Prague, 4 March 1999 (RFE/RL) -- This week's intense attacks by U.S. warplanes on Iraq's military infrastructure -- the heaviest since four days of bombing in December -- may signal an expanding effort by Washington to keep Baghdad's forces weak in the absence of U.N. arms monitoring.

On Monday, U.S. jets dropped more than 30 laser-guided bombs on communications sites, radio relay sites and anti-aircraft guns. At the same time, war planes hit a communications center controlling the flow of oil through a key pipeline. The pipeline -- which transports oil from northern Iraqi oil fields to Turkey's Mediterranean port of Ceyhan -- was itself hit a day earlier, forcing it to shut down for repairs.

U.S. Defense Secretary William Cohen has said that the targets in the raids were largely command-and-control centers which give Baghdad the ability to coordinate the actions of its forces. He also acknowledged that the raids could have caused Iraq to have to halt the use of its pipeline, which enables Baghdad to export oil under the U.N.-approved oil-for-food program.

The raids continue a pattern of almost daily strikes by U.S. and British planes since mid-December, when the allies punished Baghdad for four days for refusing to cooperate with the U.N. Special Commission (UNSCOM) on disarming Iraq. Since then, Iraqi President Saddam Hussein has refused to let the arms inspectors return.

Baghdad also has refused to continue recognizing allied patrols of no-fly zones in the north and south of Iraq. As Iraqi air defenses have repeatedly challenged the patrols, the allies have gradually broadened their response from striking anti-aircraft guns and missile sites to destroying key elements in Iraq's military infrastructure.

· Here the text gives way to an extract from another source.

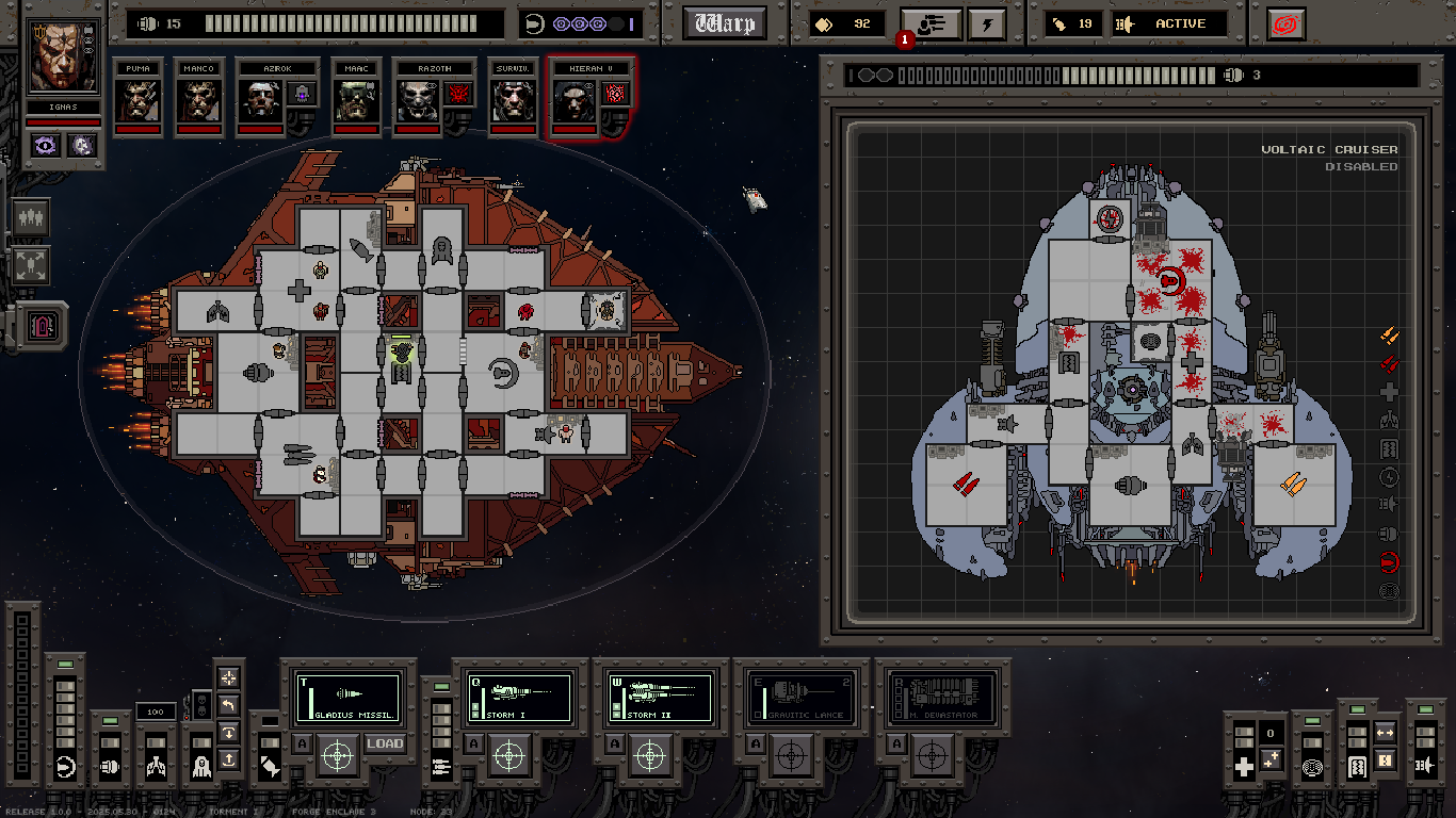 Олсо до последнего босса долетел легчайше тупо задочив кормбль под абордаж - повезло на модули, был модуль с 5-22 дамага команде врага на старте боя и модуль на дополнительные 15% лечения при пыжке. Плюс система которая станит всех в комнате. Плюс ведьма со спеллом на 15 дамага по комнате. Короч никто даже вякнуть не успевал.

Nigel Vinson -- a defense analyst at the Royal United Services Institute in London -- says that the widening scope of U.S. strikes represents a strategy of deliberately weakening Iraq's military capabilities as Washington seeks to ensure Baghdad poses no threat to its neighbors.

That goal is the same one the United States had previously counted on U.N. arms inspections and economic sanctions to achieve. But Vinson says Washington has seen those efforts stymied by the Iraqi regime's refusal to readmit arms monitors and by the uncertain effects of economic sanctions on the Iraqi military. He says that leaves Washington with few options other than air strikes.

Nigel Vinson says: "Before, the military strategy which [was] deployed on a number of occasions since the end of the Gulf War in 1991 was part of a wider [range] of anti-Iraqi measures, not least of course the UNSCOM team. ... That capability was effectively removed last year and is now dead ... therefore the Americans have no other means ... apart from sanctions, which is a very clumsy tool for affecting the military forces in Iraq."

Analysts say the United States also may be hoping that its repeated strikes against Iraq's military infrastructure could help to convince some Iraqi military leaders that Saddam is powerless to protect the armed forces and that it may be time to remove him.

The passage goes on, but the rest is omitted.